He was the eldest son of two sons and two daughters born to Mary ( Liddell) Myddelton and John Myddelton, MP of Chirk Castle, Denbighshire. His father, the younger son of Richard Myddelton of Shrewsbury, inherited his father's estates, including Chirk Castle, (Note: Richard Myddelton's uncle, Robert Myddelton (1678–1733), succeeded his cousin, Sir William Myddelton, 4th and last Baronet (1694–1718) (son of Sir Richard Myddelton, 3rd Baronet), to Chirk Castle upon the 4th Baronet's death on 5 January 1718.) when his elder brother Robert died young and without issue in 1733. His maternal grandfather was Thomas Liddell of Bedford Row, London.

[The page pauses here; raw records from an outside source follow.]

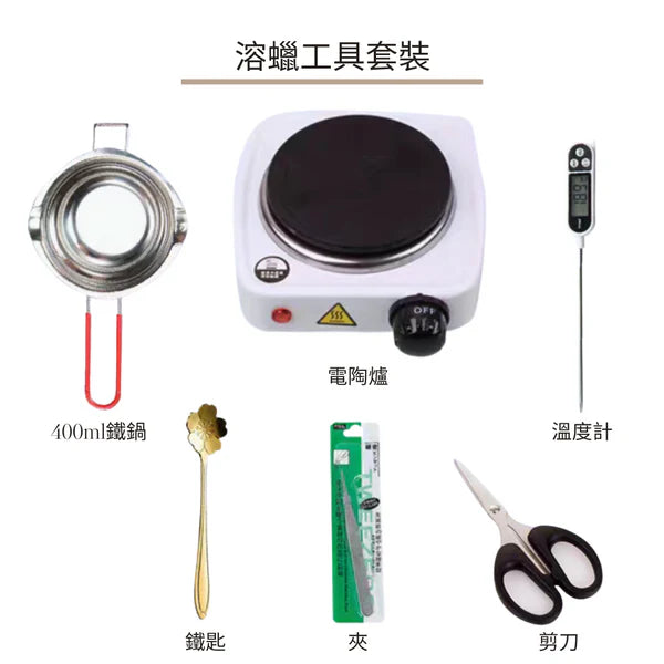 Toolkit: Sand wax, wax core (1 stick), Stirring stick (1 stick), Glass, Fragrance, Cactus candle, Small cards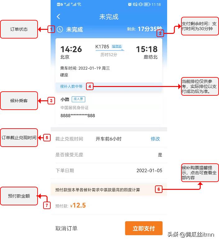 候补订单提交成功后请在网站提示的时间内完成在线支付,完成候补预付款支付后,候补购票订单立即生效。候补购票订单生效后,相关候补需求不可修改,如需变更,可终止订单后重新操作。兑现时,按照候补订单生效的时间顺序,优先兑现符合条件的候补需求。预付款按该单不同组合需求中票款的最高额度计算(卧铺按下铺票价计算)。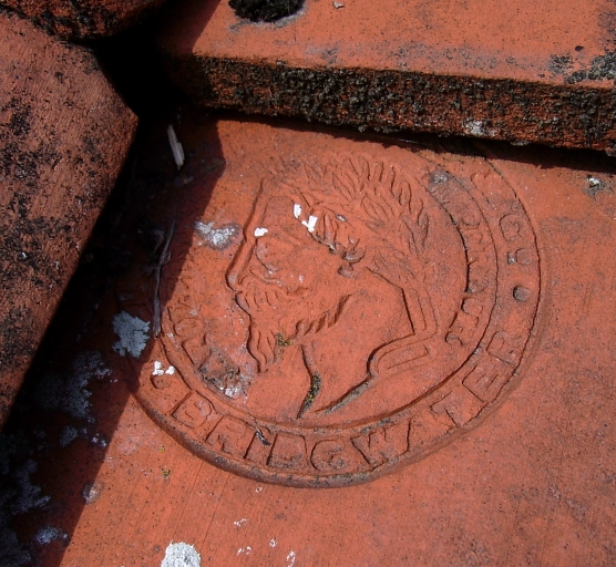Vue détaillée d'une tuile à double rouleau en provenance du Sommerset en Grande-Bretagne : inscription et portrait de l'empereur Napoléon IIIImmatriculation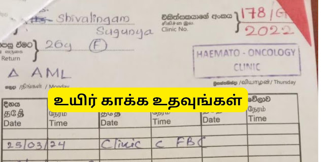 (Blood cancer) அன்பான உறவுகளே என்போலவும் உங்களைப்போலவும் இவ்வுலகில் வாழத்துடிக்கும் ஒரு ஜீவனே சுகன்ஜா வயது 26. நடுத்தரக்குடும்பத்தில் பிறந்து கடந்த 3 வருடங்களாக இரத்தப்புற்று நோயினால் பாதிக்கப்பட்டு ஓரளவு உடல் நிலை தேறிய நிலையில் வாழ்ந்து கொண்டிருந்தவர்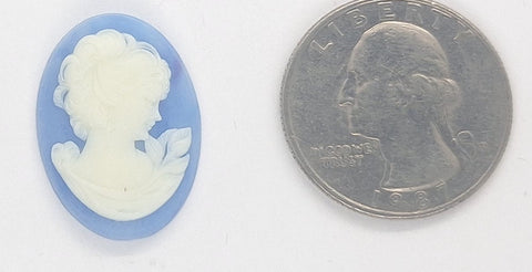 25x18mm Blue and White Woman with Short Hair Resin Cameo Cabochon J191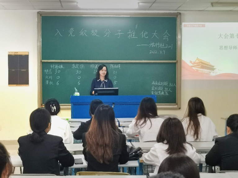 2022年3月7日,旅酒学院邮轮2001班、国旅2001班、旅行社2001班入党积极分子推优大会分别于书知楼2108、2107、2106教室召开。此次推优大会在思想导师、团委干部、班干的精心筹备及学生们的配合下顺利开展,最后完成了本学期入党积极分子的推优工作。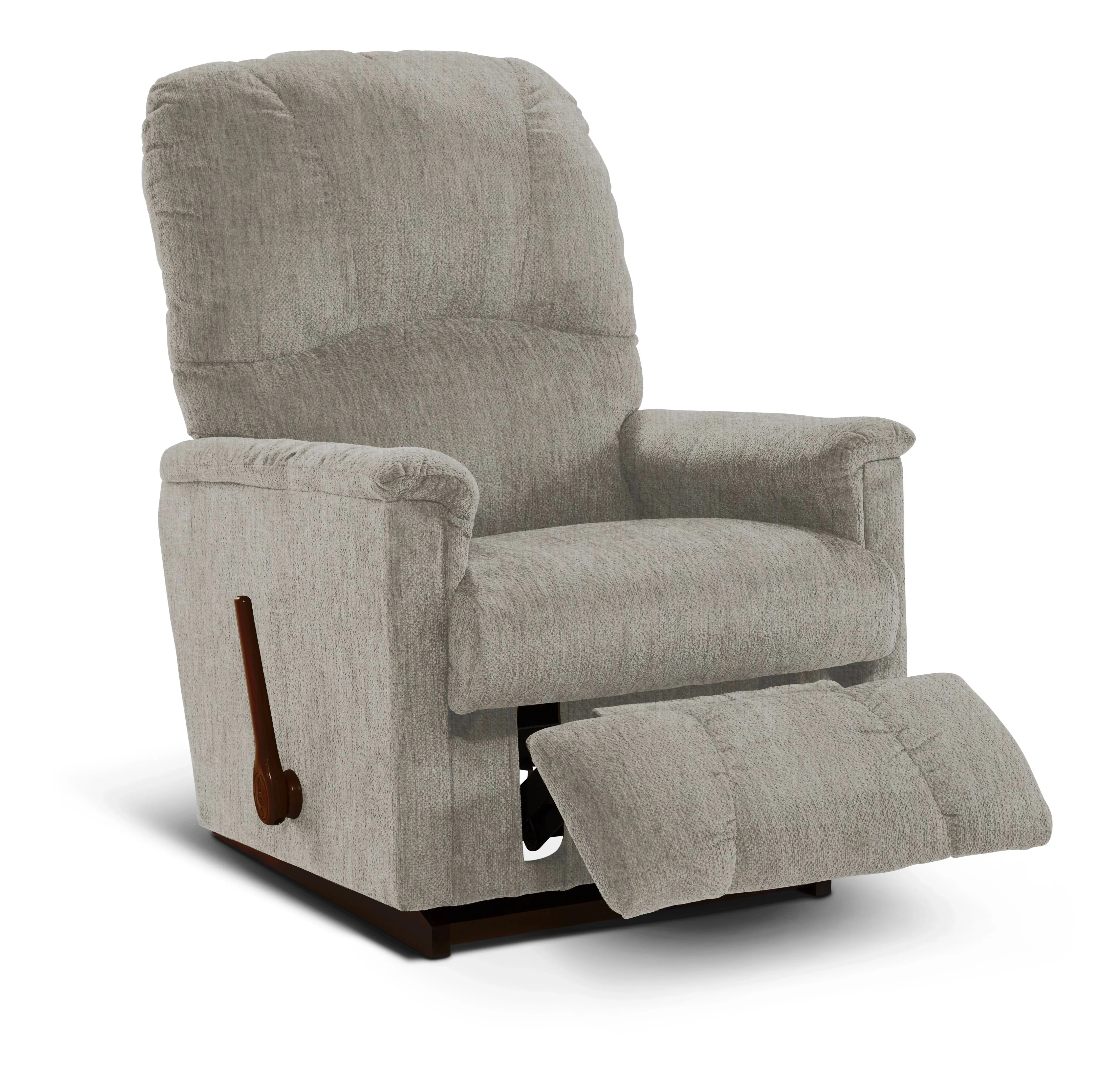 Relaxation comes easily with our Mercury Rocking Recliner. Hand crafted for luxurious comfort, it features a plushly padded chaise seat and legrest, pillow top arms and a channel-stitched back that maintains shape and support year after year. Simply use the convenient handle on the outside arm to raise the legrest for reading, relaxing or watching TV. When you're not reclining, it's a relaxing rocker with a smooth, graceful motion.

He was educated at Eton School from 1739 to 1743, and matriculated at St John's College, Oxford in 1744. He succeeded to his father's Welsh estates, including Chirk Castle, in 1747.

==Career==
He was a Member of Parliament (MP) for Denbigh Boroughs from 1747 to 1788. He also acted as Lord Lieutenant of Denbighshire from 1748 to his death and as custos rotulorum of Denbighshire from 1749 to death. As Lord Lieutenant he took personal command of the Denbighshire Militia for the first two years after it was reformed in 1760. Other position held by Myddelton included steward of the lordship of Denbigh from 1748 to death, steward of the Lordship of Bromfield and Yale from 1749 to death and Recorder of Denbigh from 1749 to death.

==Personal life==
Myddelton was thrice married. On 14 March 1761, he married Elizabeth Rushout (1730–1772), the daughter of Lady Anne Compton (the sixth daughter of George Compton, 4th Earl of Northampton) and Sir John Rushout, 4th Baronet of Northwick Park, Gloucestershire. Before her death on 7 November 1772, they were the parents of one son and three daughters, including:

- Richard Myddelton (1764–1796), who succeeded his father as MP for Denbigh Boroughs.
- Charlotte Myddelton (1770–1843), who married Robert Biddulph, a banker with Cocks Biddulph, in 1801.
- Maria Myddelton (c. 1772–1843), who married, as his second wife, Hon. Frederick West, son of John West, 2nd Earl De La Warr, in 1798.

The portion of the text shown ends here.